Because depression was originally conceived and conceptualised as an exclusively adult problem, there exists a clear gap in the knowledge of measuring depression in children and adolescents, and in approaching its treatment.
In addition, we learn how depression in children could also result in considerable impairment in cognitive, social, and emotional functions which, in turn, affects their development, academic performance, and relationships with friends and family. It also puts them at risk of engaging in behaviours like substance abuse and/or self-harm, as a means to cope with their emotional anguish.
It is crucial to understand why children get depressed. How and why does a child feel such fierce unhappiness that it eventually leads to shutdown? Childhood, which is supposed to be a relatively carefree period, harbours certain contexts and situations that give rise to depressive symptoms. While depression cannot always be explained by a simple cause-and-effect pattern, it is important to understand that for children, there might be some triggers or stressors that set off the problem, which are also critical to understand. Now, it’s true that genetics, imbalances in brain chemicals (neurotransmitters), and physical, chronic health issues can impact a child’s emotional well-being, but it is crucial to also look out for more subtle, seemingly commonplace stressors that snowball into big stressors in a child’s life.

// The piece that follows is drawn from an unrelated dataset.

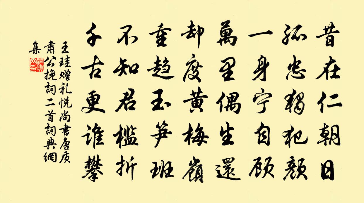 詩詞名句歷史字典書法欣賞書法字典國語詞典說文解字康熙字典古漢語字典標 題 作 者 詩 句 贈禮悅尚書唐質肅公輓詞二首作者:王珪 朝代:唐代原文昔在仁朝日,孤忠獨犯顏。一身寧自顧,萬里偶生還。卻度黃梅嶺,重趨玉筍班。不知君檻折,千古更誰攀。詩詞問答問:《贈禮悅尚書唐質肅公輓詞二首》的作者是誰?答:王珪問:該詩寫於哪個朝代?答:唐代書法欣賞贈禮悅尚書唐質肅公輓詞二首書法作品詩詞推薦頌古二十五首釋崇岳〔宋代〕出得出不得,攧落精靈窟。何處不風流,祖師無妙訣。姜池源廟二首鄧肅〔宋代〕樽酒源頭一拜神,麕羊瓮繭便青春。當年旱魃矜余虐,禱去陽侯失舊津。送李使君赴邵州皇甫冉〔唐代〕出送東方騎,行安南楚人。城池春足雨,風俗夜迎神。郢路逢歸客,湘川問去津。爭看使君度,皂蓋雪中新。再和答為之黃庭堅〔宋代〕林君維閩英,數面成瓜葛。鄰居接杖藜,過飯厭疏糲。讀書飽工夫,論事極精核。奮身君子場,勇若怒未泄。窮年秋懷十首以竹藥閉深院琴樽開小軒為韻陸游〔宋代〕世事本何常,賀吊更在門。棄為溝中斷,亦何羨犧樽?禍福要其終,愚智始可言。君看驪山墓,何若楊王孫?立春陸游〔宋代〕採花枝上寶旛新,看遍秦山楚水春。村舍不知時節換,傍檐百舌苦撩人。結襪子楊維楨〔元代〕漢家九陛飛秋霜,公卿會立朝明堂。王生何人談老黃,廷辱廷尉理不山。廷尉跪結襪,有如壯夫出胯下,面無慚色道無情 依韻別沁州長官杜師尹志平〔元代〕未達難通天令。誰解洞中生靜。道在有無間。隔千山。去住絕疑心定。任運逍遙隨命。終日不迷南。更何參。挽董儒促二首王珪〔唐代〕戰藝升環水,論詩得異聞。窺園仍舊隱,下馬忽新墳。白社真投分,青燈憶離群。有書無子讀,此事最憐君。訪何茂恭於南湖何有詩因次韻喻良能〔宋代〕相別三年久,相逢一笑時。眼邊無俗物,袖裡有清詩。山路梅花早,湖天雪意遲。不眠成夜話,寒月在疏枝。夢中作蘇泂〔宋代〕青燈一盞照青編,月色霜華兩皓然。交友歲寒何所憶,水仙王廟竹林邊。答鍾元達覓藉栽二首劉宰〔宋代〕紅妝翠蓋出污塗,水面風吹醉欲扶。逢是凌波有仙種,文君莫訝茂陵姝。鄭君瑞示同諸公游定空佳什仆亦久欲與君現狀毛滂〔宋代〕佳哉五英雋,並駕玉為林。傾蓋分不淺,好山情已深。春光不約略,晴意恰沉吟。老病示堪出,詩鋒遙見侵。史魏公東湖別墅二首劉應時〔宋代〕徜徉綠野春波上,徙倚石樓煙靄間。只恐蒼生待霖雨,未容謝傅老東山。李粹伯對月見懷次韻曾協〔宋代〕初收雨腳萬絲懸,妙手誰人補漏天。佳月素華迷夜旦,好詩餘味滿中邊。裴徊無奈謝希逸,齁齁總輸邊孝先。見說酬淨慈綱上人三首劉克莊〔宋代〕參寥燈一點,不審是誰傳。晚識綱書記,元來在汝邊。楓橋寺小憩程公許〔宋代〕寂歷少林壁,酸寒飯顆山。相逢如有舊,示我亦無還。偈頌四十一首釋普寧〔宋代〕近得遠來口傳信,報導年來頗安靜。唯有太白瑞岩翁,撞破虛空有雜碎。驚起西川大蓬山上石女淚雙垂,引得扶桑巴陵送李十二王昌齡〔唐代〕搖曳巴陵洲渚分,清江傳語便風聞。山長不見秋城色,日暮蒹葭空水雲。變覺院登上人房老梅擅名滋久昔四靈與其先師薛嵎〔宋代〕四靈歿後誰知已,惟有清香滿舊枝。頭白山僧猶愛客,為曾親見老師時。名句推薦過盡千帆皆不是,斜暉脈脈水悠悠。溫庭筠《望江南·梳洗罷》 有兼聽之明,而無矜奮之容;有兼覆之厚,而無伐德之色。荀子《荀子·正名》 半夜倚喬松,不覺滿衣雪。孟郊《苦寒吟》 傍枯林古道,長河飲馬,此意悠悠。張炎《八聲甘州·記玉關踏雪事清游》 記得舊時,探梅時節。老來舊事無人說。呂本中《踏莎行·雪似梅花》 樹繞村莊,水滿陂塘。秦觀《行香子·樹繞村莊》 啜苦咽甘,茶也。陸羽《茶經·五之煮》 登臨送目,正故國晚秋,天氣初肅。王安石《桂枝香·登臨送目》 誰知萬里客,懷古正躊躕。陳子昂《峴山懷古》 飛雲當面化龍蛇,夭矯轉空碧。秦觀《好事近·夢中作》

In recent times, the newspapers have been replete with reports of deaths by suicides of IIT, NEET aspirants and even students studying in institutions where not enough is being done to address caste and class-based bullying. The problem is not endemic to students in high-pressure situations. On Wednesday, 33 states in the United States sued Meta platforms for manipulative features that are designed to lower the self-esteem of children.
Certainly, what seems like an increasing diagnosis of childhood depression can also be attributed to increased awareness and sensitivity, but it is also relevant to reflect on how changing family dynamics and constellations, death, grief, adverse childhood experiences, the advent of social media (and along with it the associated concerns of peer pressure, social comparison, and cyberbullying), and academic pressure interact with each other to make a child feel what they’re feeling.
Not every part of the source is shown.